Inzwischen ist das Göttinger Klinikum zur bundesweiten Anlaufstelle für MS-kranke Kinder und Jugendliche geworden. Aus der kontinuierlichen Betreuung der jungen Patienten entstand die Idee, eine spezielle Informations- und Diskussionsveranstaltung anzubieten.

Die hochkarätigen Experten haben sich vorgenommen, ihr medizinisches Fachwissen so weiterzugeben, daß alle ihre Ausführungen gut verstehen. Manche Kinder hören bei den Vorträgen im Hörsaal einfach nur zu, andere schreiben fleißig mit. Brück erklärt die Krankheit recht anschaulich. "Das Zentrale Nervensystem arbeitet ähnlich wie ein Elektroschaltkasten", sagt der Neuropathologe.

Während in dem Schaltkasten viele Stromkabel miteinander verbunden sind, sind es in Hirn und Rückenmark die Nervenfasern. Sowohl die Stromkabel als auch die Nervenfasern seien von einer Isolationsschicht umhüllt, "damit der Strom schnell fließen kann". Die enorme Geschwindigkeit des Nervensystems macht der Vergleich mit "Schumi" deutlich: Mit 400 Stundenkilometern ist die Informationsübertragung in den Nervenfasern deutlich schneller als jeder Ferrari.

Anders bei MS-Kranken, bei denen die Isolationsschicht um die Nervenfasern geschädigt ist: Bei ihnen läuft der "Strom" in den Nervenfasern nur noch mit vier Stundenkilometern, also im Schneckentempo. Brück erklärt, wie sich die dafür verantwortliche Fehlsteuerung des Immunsystems auswirkt: Statt körperfremde Bakterien anzugreifen, greift es die Schutzschicht an. "Es frißt die Hülle von den Nervenkabeln weg, die Nervenfasern liegen blank." Folge sind vor allem Bewegungs- und Sehstörungen und Taubheitsgefühle.
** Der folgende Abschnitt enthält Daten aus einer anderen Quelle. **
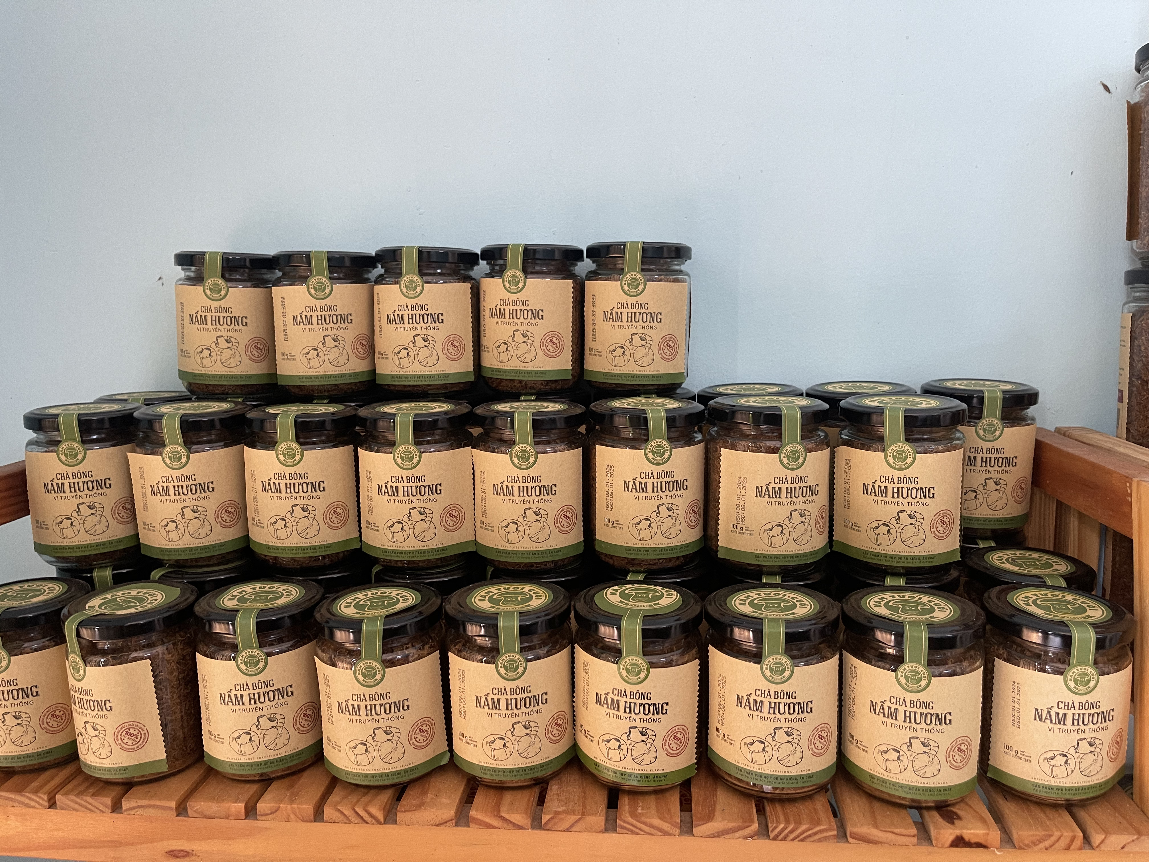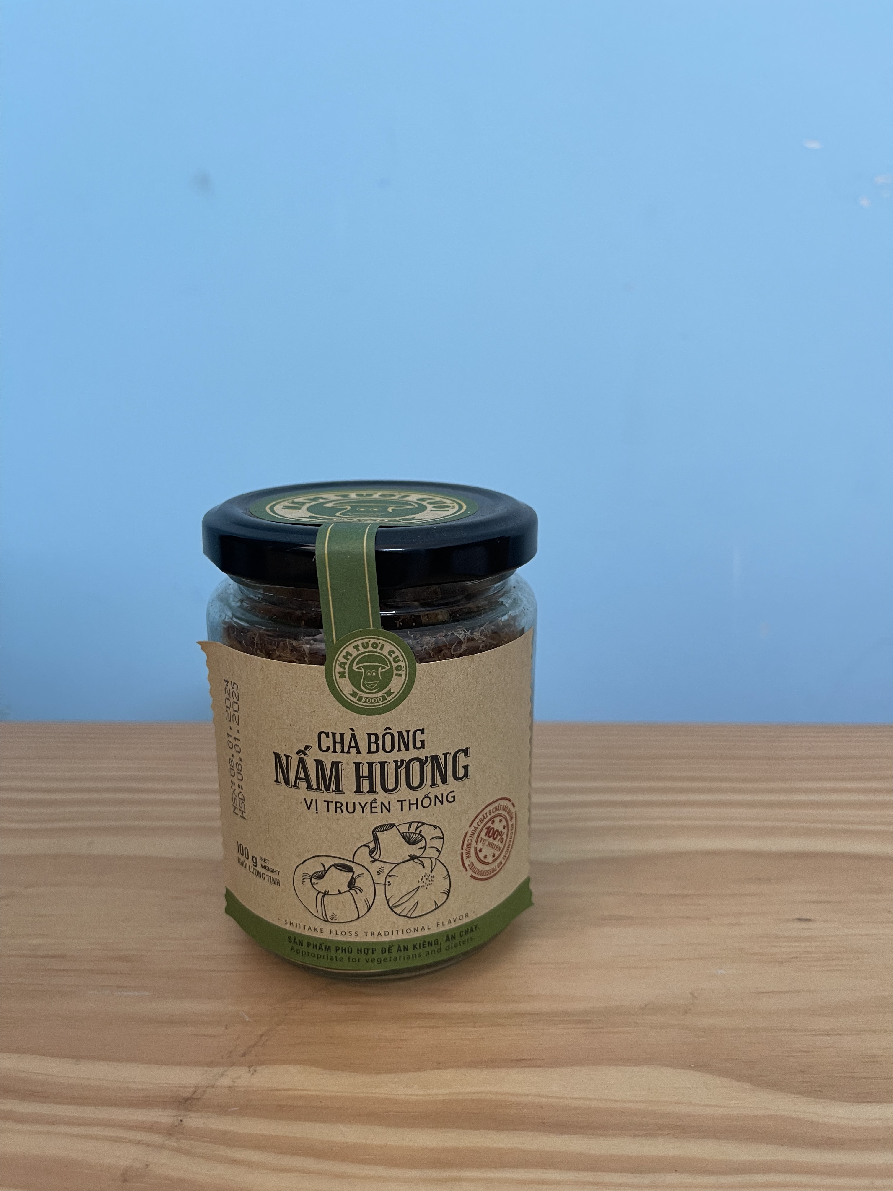 Chà bông nấm vị truyền thống hũ 100gram không chất phụ gia và chất bảo quản nên giữ được hương vị tươi ngon của nấm, an toàn đối với sức khỏe người tiêu dùng. Quy trình sản xuất đảm bảo vệ sinh an toàn thực phẩm, đóng gói cẩn thận
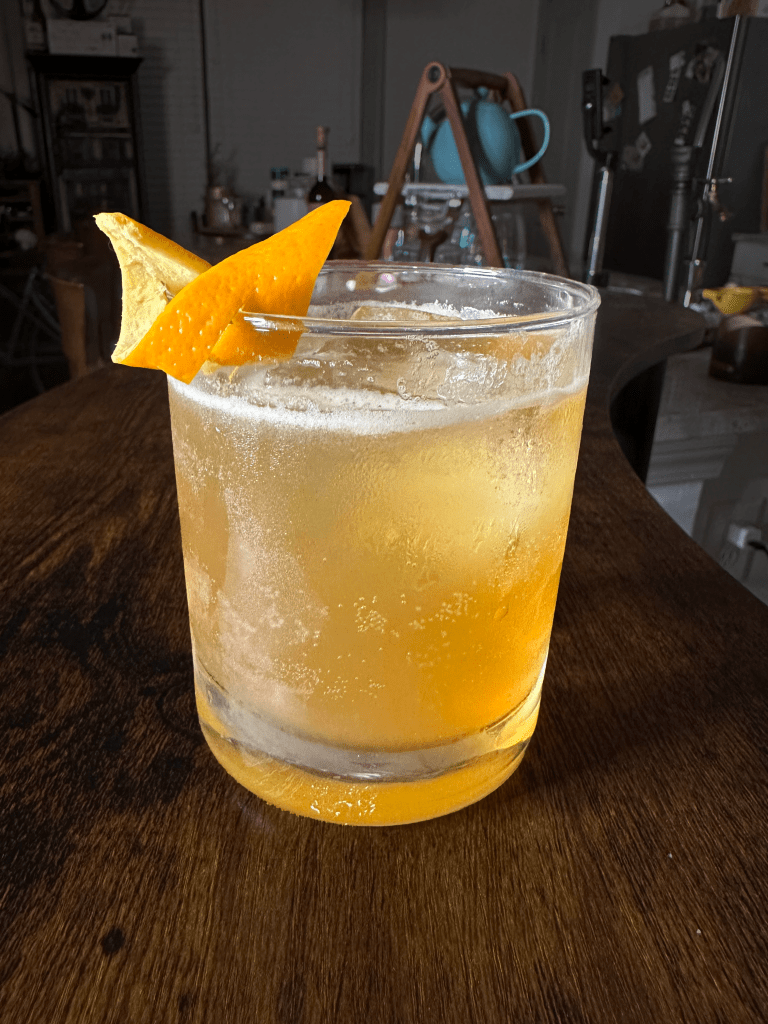 There’s no denying we live in crazy times. Sometimes it’s best to just get away from it all, go off grid, and piss off to a world free of the pains and rules of the modern world. But if you’re bad at starting a fire like me, sometimes you gotta settle for an AirBnB cabin in the woods. And if the apocalypse decides to roll up to your door? Well, you can hunker down with this cozy, woodsy cocktail. I chose ingredients that would be warming and comforting, perfect for watching the world fall apart from your secluded log cabin. Whiskey, maple syrup and bourbon are common combinations I’m taking a step further with the addition of some sparkling apple cider. This cocktail is crisp with subtle sweetness that also manages to warm the body. Included a flamed orange peel also adds a new layer to aromatic nature of the cocktail, truly brining everything together in this familiar yet undeniably tasty concoction.
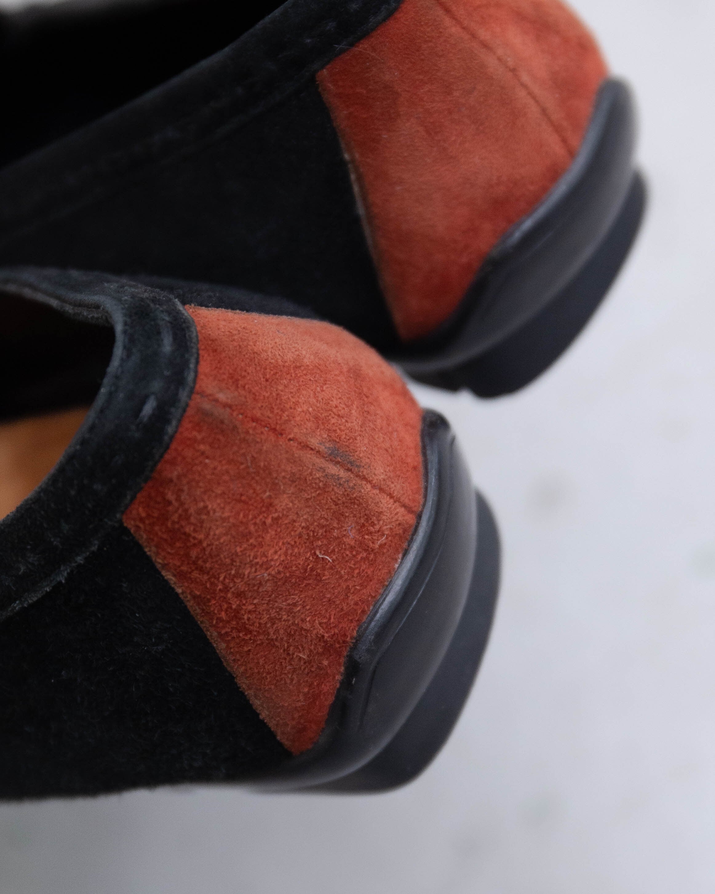 両アッパー、踵ともに擦れによるダメージがございます。添付写真をご参照ください。
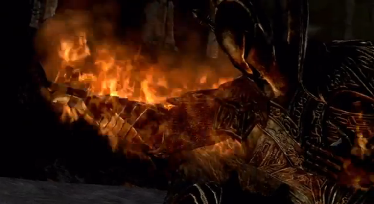 | The Chosen Undead links the fire, burning themselves alive. |
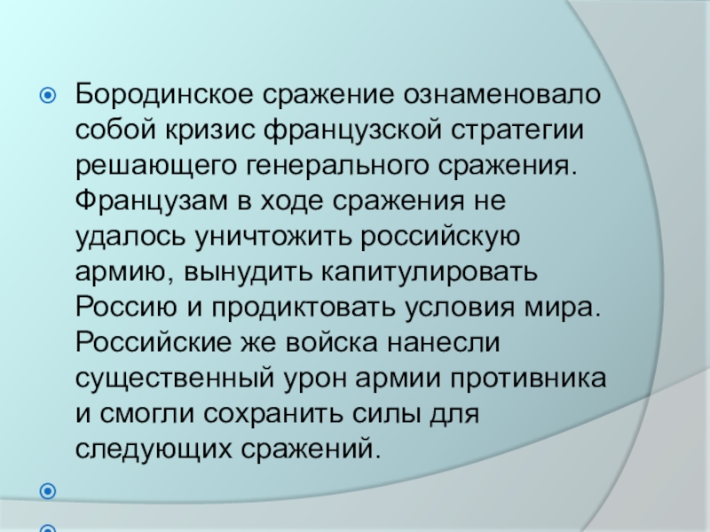 Слайд 20Бородинское сражение ознаменовало собой кризис французской стратегии решающего генерального сражения. Французам
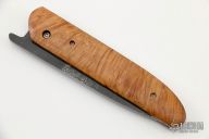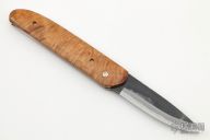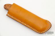 The Bitchu-no-Kami is a traditional Japanese-style folder. The blade is Stainless clad Aogami Super Steel (NAS) which is a high-carbon steel alloy with vanadium and is ground on both sides. Handle constructed of masur birch wood scales with polished stainless steel liners and backspacer. Comes with tan leather sheath. New from maker.
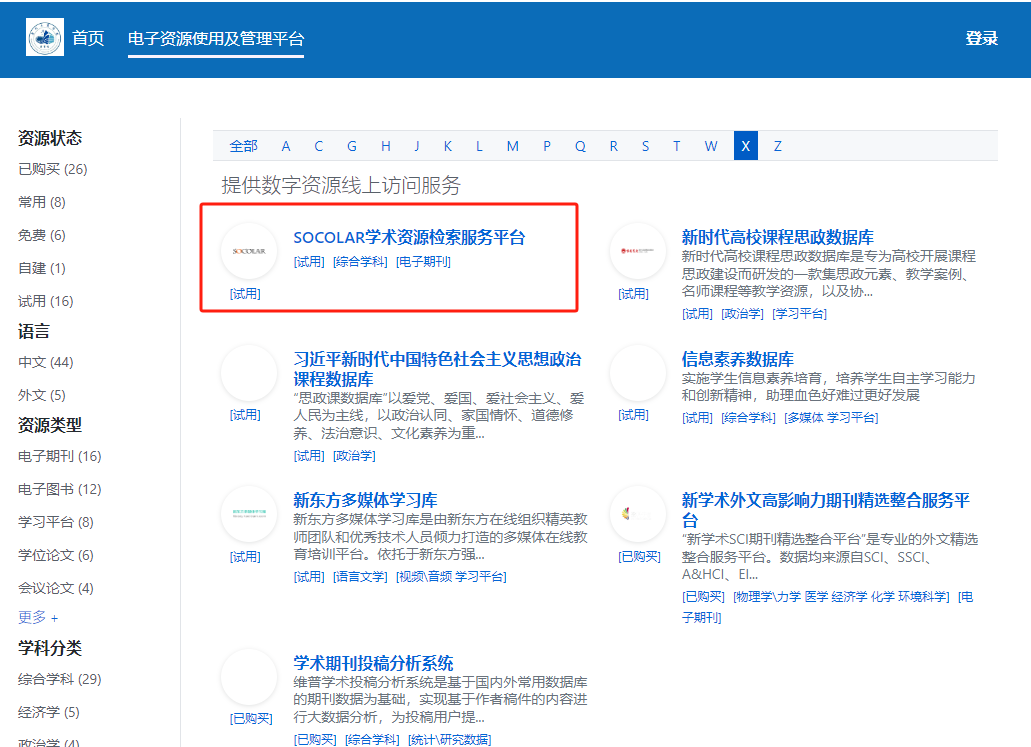 访问方式:进入图书馆电子资源模块,选择SOCOLAR学术资源检索服务平台,即可正常使用。
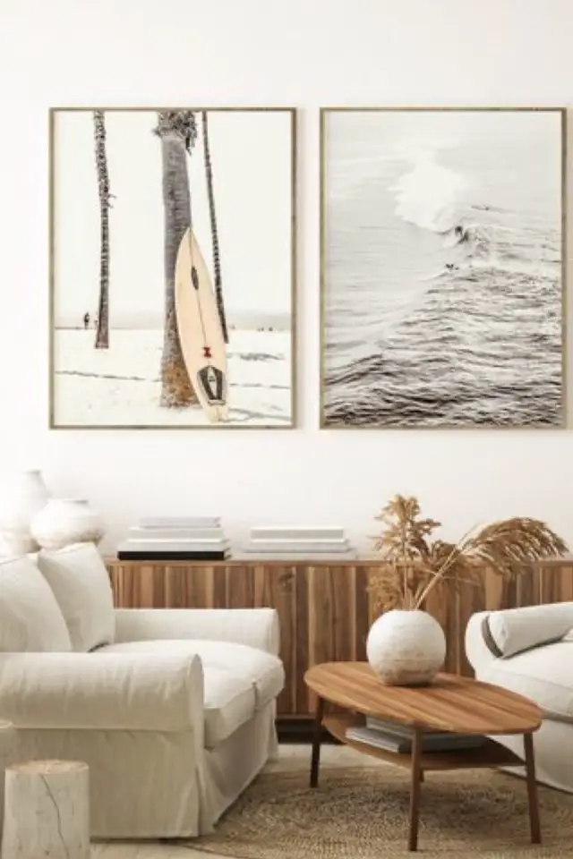 Autre élément qui compose la déco au dessus du buffet, c'est la déco murale. Quoi de mieux qu'un joli poster encadré avec un paysage de bord de mer pour parfaire la déco de votre pièce de vie? Il suffit de jeter un oeil au buffet pour se sentir presque en vacances. On peut aussi compter sur les photos prises lors de vos dernières vacances à la mer. Décors de plage, chalets, mer déchainée, phares... Les inspirations sont nombreuses. Si votre rêve est de passer des vacances sur une île paradisiaque, les palmiers sont votre allié!

Auch wenn die Mediziner vor allem die jungen Patienten ansprechen wollen, verfallen sie bei ihren Vorträgen immer mal wieder in ihr Fachchinesisch, reden von Oligodendrozyten oder verwenden Abkürzungen, ohne sie zu erklären. Trotzdem bleiben die Patienten interessiert und überlassen es nicht nur den Eltern, Fragen zu stellen. "Warum lösen manche Entzündungsherde etwas aus und andere nicht?", will beispielsweise eine Jugendliche wissen.

Richtig interessant wird es dann für sie in den Workshops. Dort geben die Göttinger MS-Experten praktische Ratschläge für die vielen Probleme, die die Erkrankung im Alltag mit sich bringt. Dabei geht es nicht nur um Einschränkungen in der Schule oder im Beruf, sondern auch um die Frage, ob sie später den Führerschein machen und Auto fahren können und wieviel und welchen Sport sie treiben können.

Gleichzeitig wird das Patientenforum zur Kontaktbörse: Die Kinder und Jugendlichen tauschen ihre E-Mail-Adressen aus, um sich auch weiterhin gegenseitig Tips und Informationen geben zu können, wie sie am besten mit ihrer Krankheit umgehen können.